Motorista preso por porte ilegal de arma deve permanecer preso

O vice-presidente do Superior Tribunal de Justiça, ministro Edson Vidigal, no exercício da Presidência, manteve a prisão provisória do motorista J.C.B.F., de São Paulo. Ele foi preso em flagrante com arma de fogo de uso restrito.

O advogado do motorista alegou que diversos pedidos de liberdade provisória, com ou sem pagamento de fiança, foram indeferidos, sem motivação suficiente. "O que se fez foi pura e simplesmente declarar que o benefício não seria cabível, em se tratando de porte ilegal de arma. Nenhuma justificativa mais específica e concreta foi deduzida naquele indeferimento", afirmou.

Segundo o advogado, no processo não há nenhuma indicação de que a liberdade do acusado represente perigo para a instrução criminal ou ameaça às testemunhas. A defesa, que chegou a invocar o Pacto de São José da Capital Costa Rica (Convenção Americana sobre Direitos Humanos), endossada pelo Governo brasileiro em 1992, informou que a empresa em que trabalha o motorista o comparecimento dele ao trabalho, sob pena de dispensa por justa causa. O motorista foi preso no último dia 19 de abril.

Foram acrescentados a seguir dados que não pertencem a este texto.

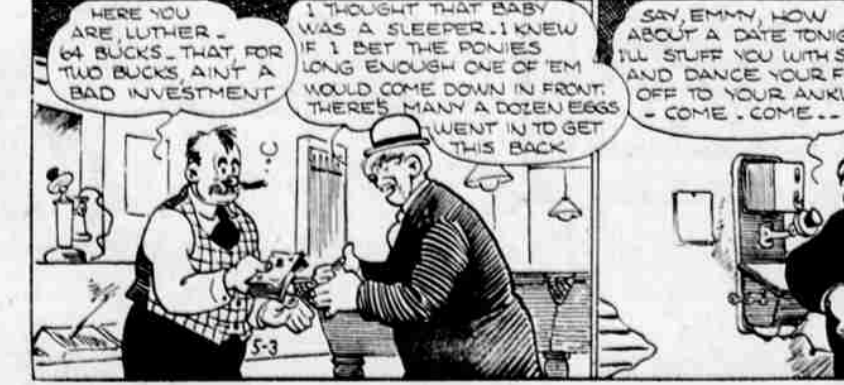
HERE YOU ARE LUTHER—64 BUCKS—THAT FOR TWO BUCKS AINT A BAD INVESTMENT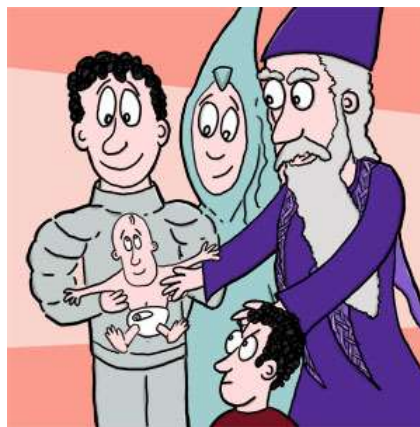
Merlin took Arthur and gave him to Sir Ector and his family to look after.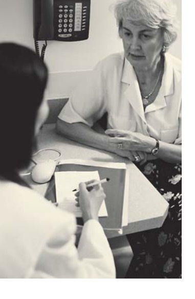
Before you travel, discuss your medicine schedule with your doctor or pharmacist.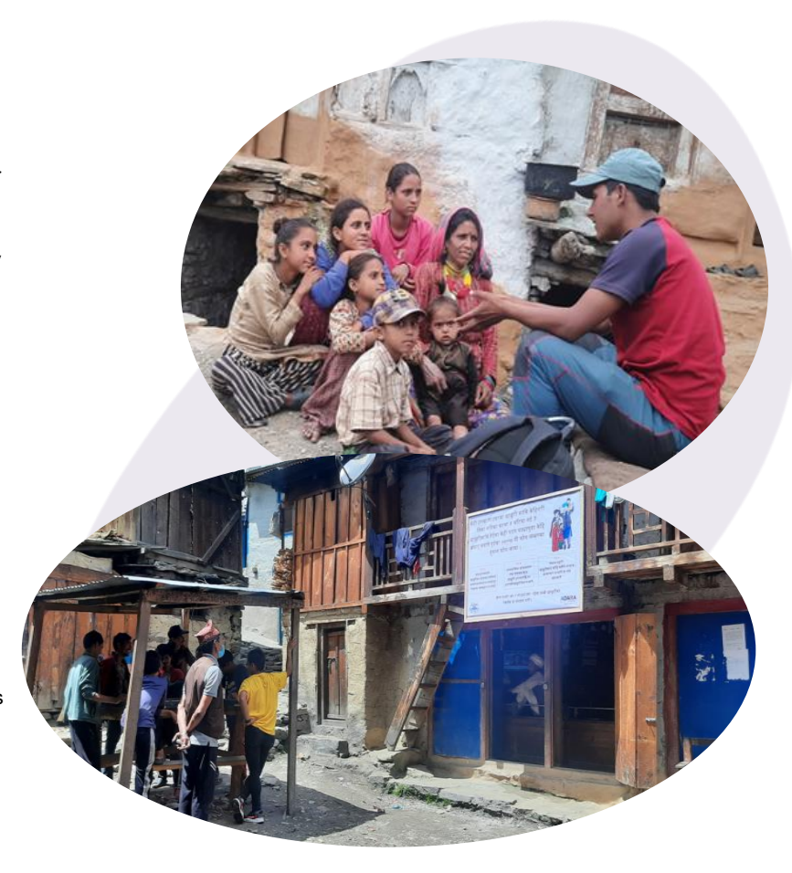
Photo: A THIS Social Worker in action (top), an anti-trafficking message board installed by THIS (bottom).

Despite the increased risk of child trafficking during times of crisis and economic insecurity, there have been no reported cases of child trafficking in Humla between July-December 2021.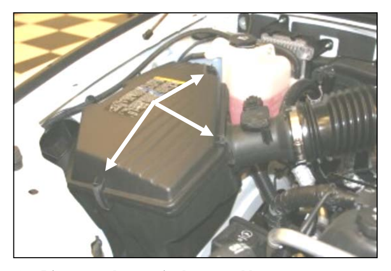
<u>Disconnect the negative battery cable.</u> Unhook the three clips that hold down the air box lid.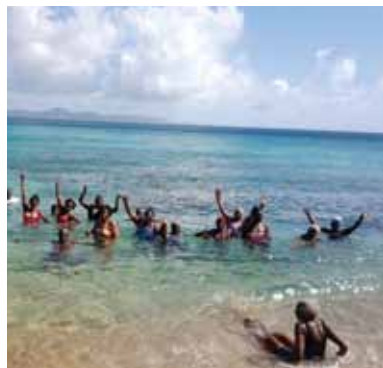
Members had a fun day at the beach.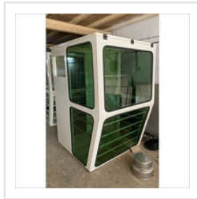
Tower Crane Cabin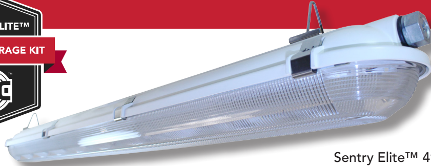
Sentry Elite™ 4' with Parking Garage Lens

A.L.P. engineers have focused decades of expertise in vapor tight fixture kits to develop the feature-packed Sentry Elite™. It has all the performance advantages you've come to expect from the Sentry product family, plus many improvements, all optimized for today's LED applications.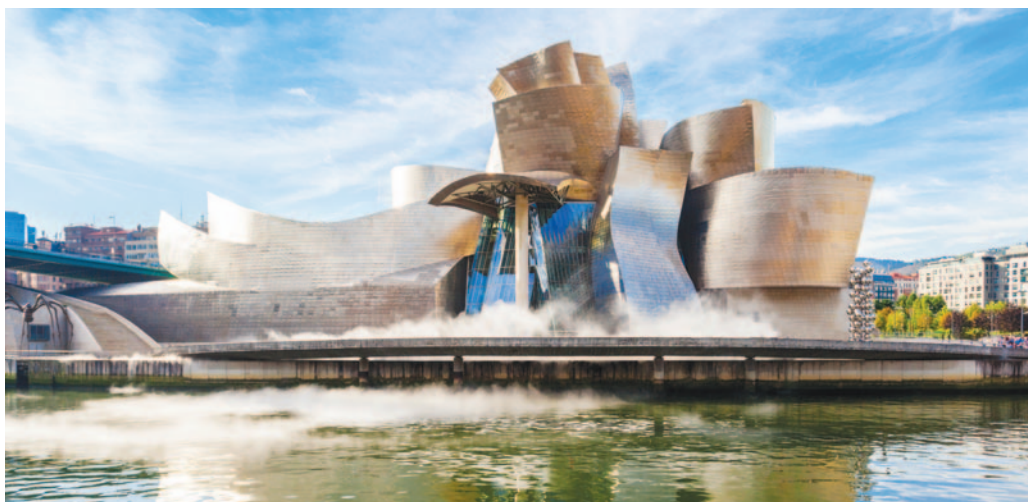
The Guggenheim Museum, Bilbao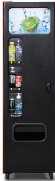
Summit 300 Satellite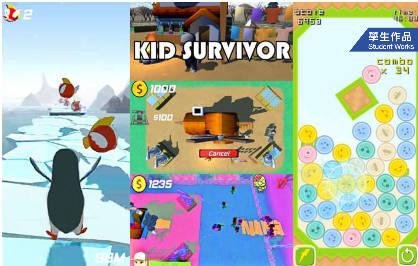
學生運用 Unity 和 3ds Max 創作不同類型手機遊戲 Students make different types of mobile games using Unity and 3ds Max.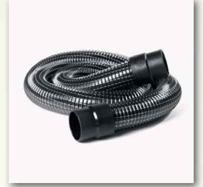
High vacuum hose with 2 nozzles Dia. 45 mm, 5,0 metres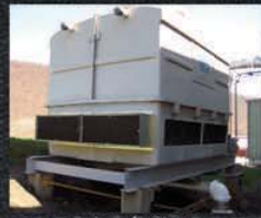
Osram Sylvania Plant Thermal Care Cooling Tower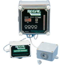
Series 3000 Gas Detector

The REGAL™ SMARTVALVE is designed to automatically regulate the gas feed rate needed to maintain the chemical residual level determined for a specific water treatment application. Different models are available to be used for chlorine or sulfur dioxide applications.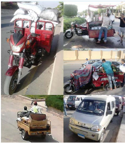
Fig. 2 Various kinds of vehicles used in small projects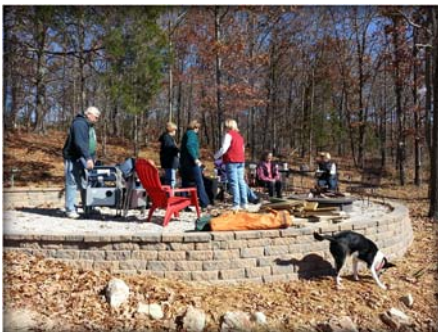
Carnival Worker's Party 2014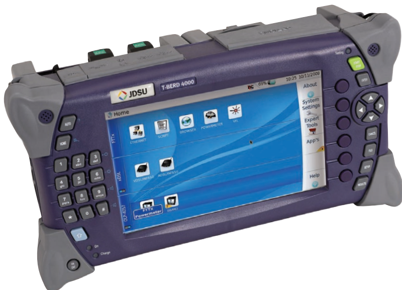
The JDSU T-BERD/MTS-4000 is the industry's first combined fiber, copper, and triple-play tester.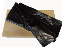
Black Liner 250pc/Carton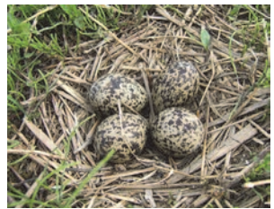
Photo 3. Nest and eggs of Grey-Headed Lapwings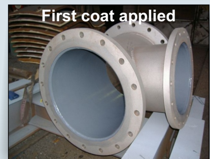
First coat applied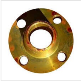
Weld Neck Flanges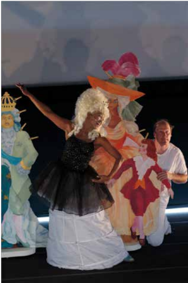
Eleanor Antin, Before the Revolution , 1979, performance, Hammer Museum, Los Angeles, 2012 (artwork © Eleanor Antin)

In his curator's note for the 2012 program, Segade explains: The character is quixotic and quizzical, a great dancer whose career is negatively impacted by the fact of her race in contrast to her nationality (black v. Russian), her over-determined relationship to gender (ballerina!), and her place in history (Classicism v. Modernism v. Post-). . . . This radical figure functions as a site for critique of the contradictory and constructed divisions among races, classes, careers, histories, and even artistic forms. 14

O ministro Vidigal justificou a decisão dizendo que, alvo em casos de plena evidência de constrangimento ilegal, não é possível ao Superior Tribunal de Justiça conceder liminar em habeas corpus, quando o mesmo pedido já foi negado pelo Tribunal de Justiça estadual.

Segundo o ministro, o mérito, em ambos os casos, é a concessão definitiva da medida. "Em razão das implicações que a manifestação da Corte Superior poderia vir a ocasionar no julgamento do mérito do primeiro mandamus, ainda pendente de apreciação pelo Tribunal de origem, possibilitando, inclusive, a própria supressão de instância", explicou o ministro.